Records drawn from a dataset
>>>>>
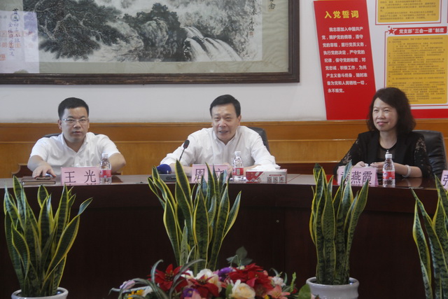 | 9月10日上午,在第36个教师节当天,顺德区政协主席周文、副主席黄燕霞、常委钟景荣,勒流街道党工委书记王光,区教育局副局长张毅,勒流街道教育办公室主任王家伦等领导一行,到新球中学开展慰问调研活动,向一线教师致以节日的问候。新球中学党总支书记、校长何兴球率行政班子成员陪同。 参观校园 一行人首先参观了学校的跳绳俱乐部和跆拳道训练场。何兴球校长介绍说,新球中学跳绳俱乐部自成立以来,本着东风小学跳绳精神由新球传承和以绳育人的理念,体现更高、更快、更强的奥运精神,经过长期的不懈的训练,取得了骄人的成绩,现已成为勒流素质教育的品牌;跳绳队将在明年代表广东省参加全国学生运动会。新球跆拳道队则实现了连续七年获得顺德区团体总分第一名,成为学校社团的品牌,跆拳道队将代表勒流参加区运会。参观领导对学校在素质教育方面取得的成绩给予了充分的肯定。 随后,周文等领导走进了初二办公室,看望一线教师,给他们送上节日的祝福,给教师代表杨清老师和陈理勤老师献花并与他们合影留念。 与教师合影 最后,慰问组与我校教师代表在校董室座谈。何兴球校长作了题为“为打造顺德区品牌优质初中学校而奋斗”的汇报发言,从中考成绩、学生全面发展、未来学校发展的定位与思考等几个方面,简要汇报了学校的教育教学各项工作,并结合学校实际提出了学校发展面临的困难。他说,学校的宿位不足是制约学校发展的难题,希望区委区政府能加大对学校硬件方面的投入。 街道党工委书记王光,区教育局副局长张毅充分肯定了学校的办学理念和近年来取得的成绩。王光书记希望新球中学能百尺竿头,再进一步,为勒流教育做出新的贡献。张毅副局长勉励学校和全体教师把握发展机遇,加快教育创新,进行绩效改革,提升办学质量,走好特色发展之路。 王光书记发言 张毅副局长发言 周文主席作总结发言。他高度肯定了新球中学2020年超额完成区教育局下达的指标任务,祝贺新球中学连续获得“顺德区初中教学质量优秀奖”。他赞扬了新球中学在新的领导班子的带领下,学校有很大提升,教师们的精气神非常不错,对学校的发展定位和未来的思考充满信心。他透露区镇两级投入将用2~3年时间解决学校宿位不足的问题,未来区镇两级加大对优秀教师的奖励。同时建议镇街召开教育工作大会,总结过去,表彰先进,给老师鼓劲,再创勒流教育新辉煌! 周文主席作总结发言 合影留念 文:于华伟 |
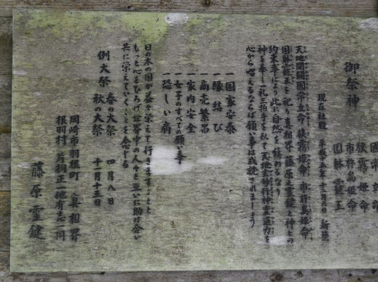 まずそちらの地名(場所はこちら)「長野県下伊那郡根羽村」ですが「根羽」。途中やはり「ネバーランド」(森の駅)なる看板を見てやはり「言葉遊びね」と思っていると、そちらの祠の掲示板に例大祭の協賛に岡崎市の「羽根」の名が見えてニヤリとさせられました。
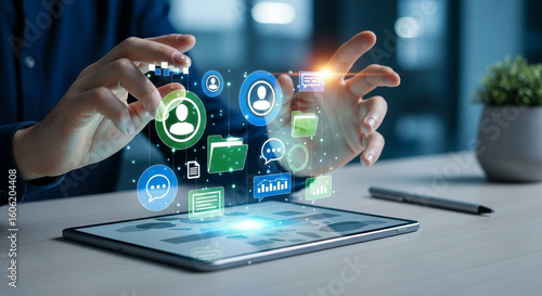 Person managing digital workspace with interactive UI for team collaboration and file organization
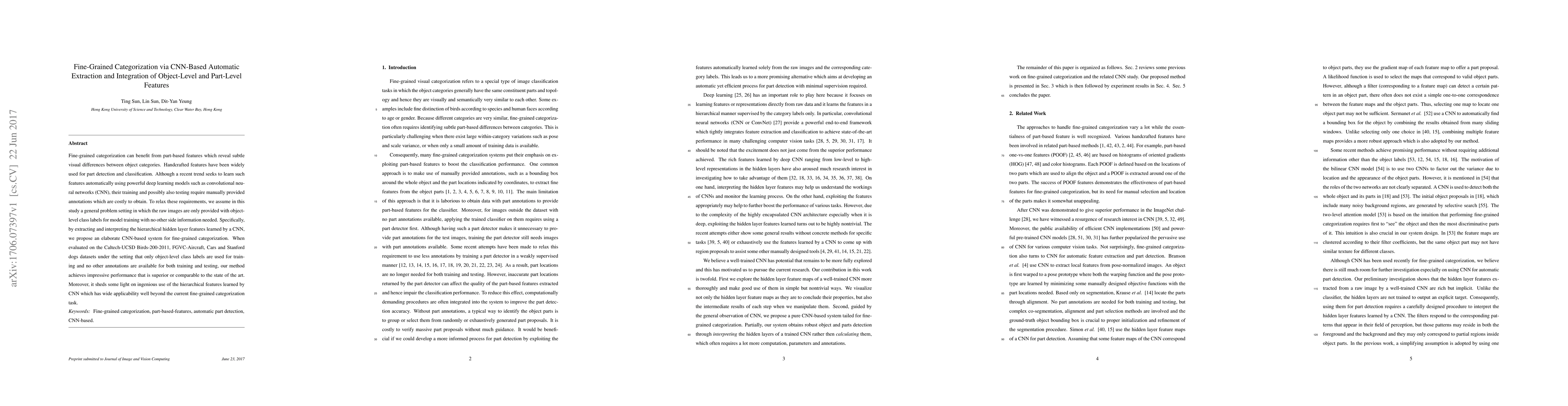This paper proposes a CNN-based system for fine-grained categorization using only object-level class labels, leveraging hierarchical features learned by CNNs to extract and integrate both object-level and part-level features without requiring manual annotations. The method achieves state-of-the-art or comparable performance on several fine-grained datasets.
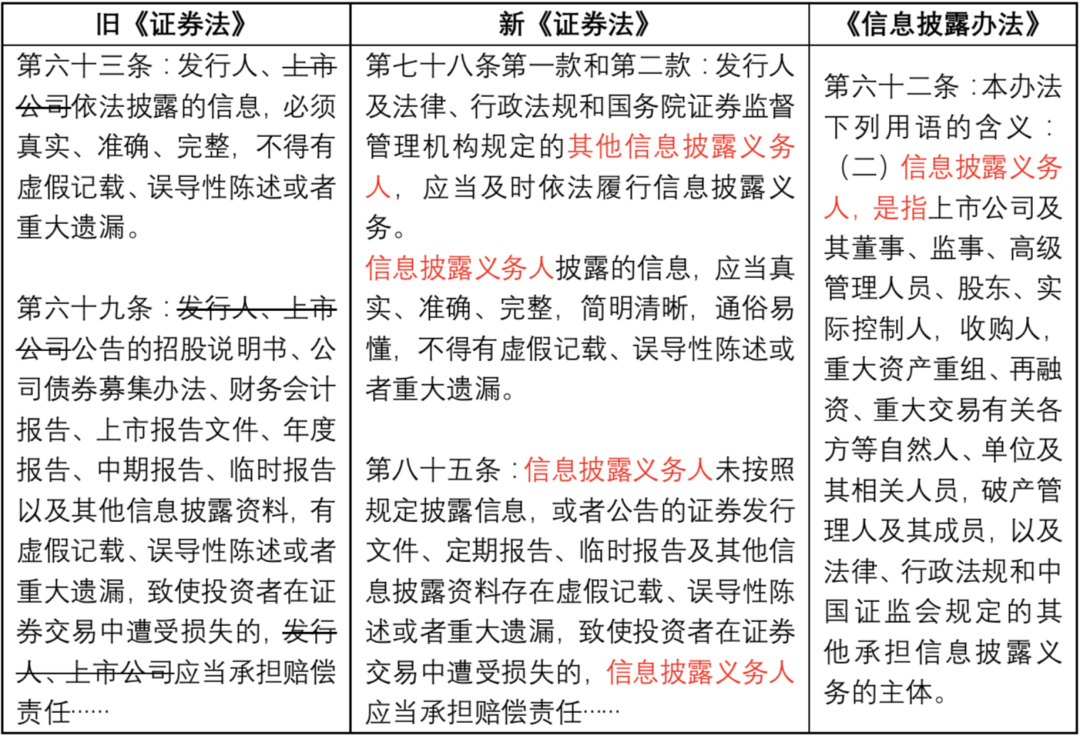 有鑒于此,新《證券法》引入了“信息披露義務人”概念,建立起以“信息披露義務人”為中心的監管原則,由此只要是法律、行政法規、國務院證券監督管理機構等規定的信息披露義務人,均負有直接的信息披露義務,并承擔相應的行政、民事乃至刑事責任。而《信息披露辦法》為進一步明晰義務主體,直接在“附則”中詳細規定了信息披露義務人的范圍。[3]
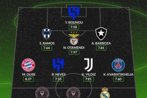 中场:奥利塞 (拜仁) 、鲁本-内维斯 (新月)、伊尔迪兹 (尤文图斯)、克瓦拉茨赫利亚 (巴黎)
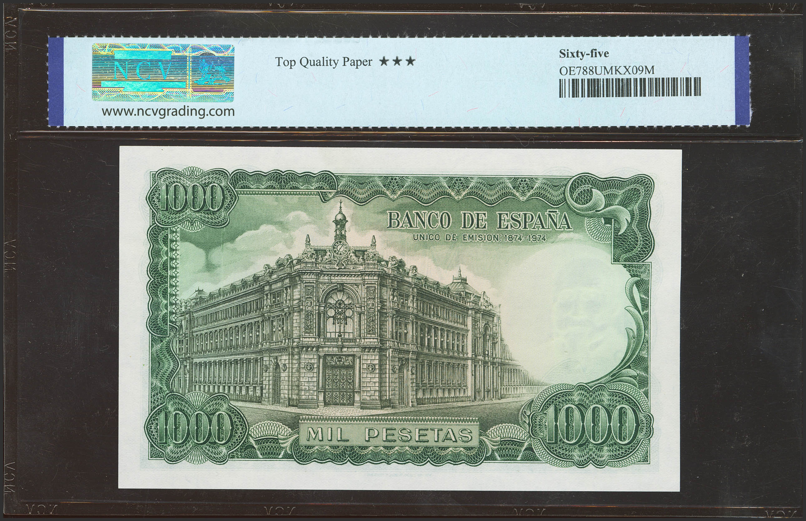 1000 Pesetas. 17 de Septiembre de 1971. Serie 5M. (Edifil 2021: 474c, Pick: 154). Inusual en esta calidad, apresto original. SC. Encapsulado NCV65TQP.
<<<<<
Assignment
Each line of the records above must be repeated exactly, but no picture belongs in the copy.

Exercise response
 | 9月10日上午,在第36个教师节当天,顺德区政协主席周文、副主席黄燕霞、常委钟景荣,勒流街道党工委书记王光,区教育局副局长张毅,勒流街道教育办公室主任王家伦等领导一行,到新球中学开展慰问调研活动,向一线教师致以节日的问候。新球中学党总支书记、校长何兴球率行政班子成员陪同。 参观校园 一行人首先参观了学校的跳绳俱乐部和跆拳道训练场。何兴球校长介绍说,新球中学跳绳俱乐部自成立以来,本着东风小学跳绳精神由新球传承和以绳育人的理念,体现更高、更快、更强的奥运精神,经过长期的不懈的训练,取得了骄人的成绩,现已成为勒流素质教育的品牌;跳绳队将在明年代表广东省参加全国学生运动会。新球跆拳道队则实现了连续七年获得顺德区团体总分第一名,成为学校社团的品牌,跆拳道队将代表勒流参加区运会。参观领导对学校在素质教育方面取得的成绩给予了充分的肯定。 随后,周文等领导走进了初二办公室,看望一线教师,给他们送上节日的祝福,给教师代表杨清老师和陈理勤老师献花并与他们合影留念。 与教师合影 最后,慰问组与我校教师代表在校董室座谈。何兴球校长作了题为“为打造顺德区品牌优质初中学校而奋斗”的汇报发言,从中考成绩、学生全面发展、未来学校发展的定位与思考等几个方面,简要汇报了学校的教育教学各项工作,并结合学校实际提出了学校发展面临的困难。他说,学校的宿位不足是制约学校发展的难题,希望区委区政府能加大对学校硬件方面的投入。 街道党工委书记王光,区教育局副局长张毅充分肯定了学校的办学理念和近年来取得的成绩。王光书记希望新球中学能百尺竿头,再进一步,为勒流教育做出新的贡献。张毅副局长勉励学校和全体教师把握发展机遇,加快教育创新,进行绩效改革,提升办学质量,走好特色发展之路。 王光书记发言 张毅副局长发言 周文主席作总结发言。他高度肯定了新球中学2020年超额完成区教育局下达的指标任务,祝贺新球中学连续获得“顺德区初中教学质量优秀奖”。他赞扬了新球中学在新的领导班子的带领下,学校有很大提升,教师们的精气神非常不错,对学校的发展定位和未来的思考充满信心。他透露区镇两级投入将用2~3年时间解决学校宿位不足的问题,未来区镇两级加大对优秀教师的奖励。同时建议镇街召开教育工作大会,总结过去,表彰先进,给老师鼓劲,再创勒流教育新辉煌! 周文主席作总结发言 合影留念 文:于华伟 |
 まずそちらの地名(場所はこちら)「長野県下伊那郡根羽村」ですが「根羽」。途中やはり「ネバーランド」(森の駅)なる看板を見てやはり「言葉遊びね」と思っていると、そちらの祠の掲示板に例大祭の協賛に岡崎市の「羽根」の名が見えてニヤリとさせられました。
 Person managing digital workspace with interactive UI for team collaboration and file organization
This paper proposes a CNN-based system for fine-grained categorization using only object-level class labels, leveraging hierarchical features learned by CNNs to extract and integrate both object-level and part-level features without requiring manual annotations. The method achieves state-of-the-art or comparable performance on several fine-grained datasets.
 有鑒于此,新《證券法》引入了“信息披露義務人”概念,建立起以“信息披露義務人”為中心的監管原則,由此只要是法律、行政法規、國務院證券監督管理機構等規定的信息披露義務人,均負有直接的信息披露義務,并承擔相應的行政、民事乃至刑事責任。而《信息披露辦法》為進一步明晰義務主體,直接在“附則”中詳細規定了信息披露義務人的范圍。[3]
 中场:奥利塞 (拜仁) 、鲁本-内维斯 (新月)、伊尔迪兹 (尤文图斯)、克瓦拉茨赫利亚 (巴黎)
 1000 Pesetas. 17 de Septiembre de 1971. Serie 5M. (Edifil 2021: 474c, Pick: 154). Inusual en esta calidad, apresto original. SC. Encapsulado NCV65TQP.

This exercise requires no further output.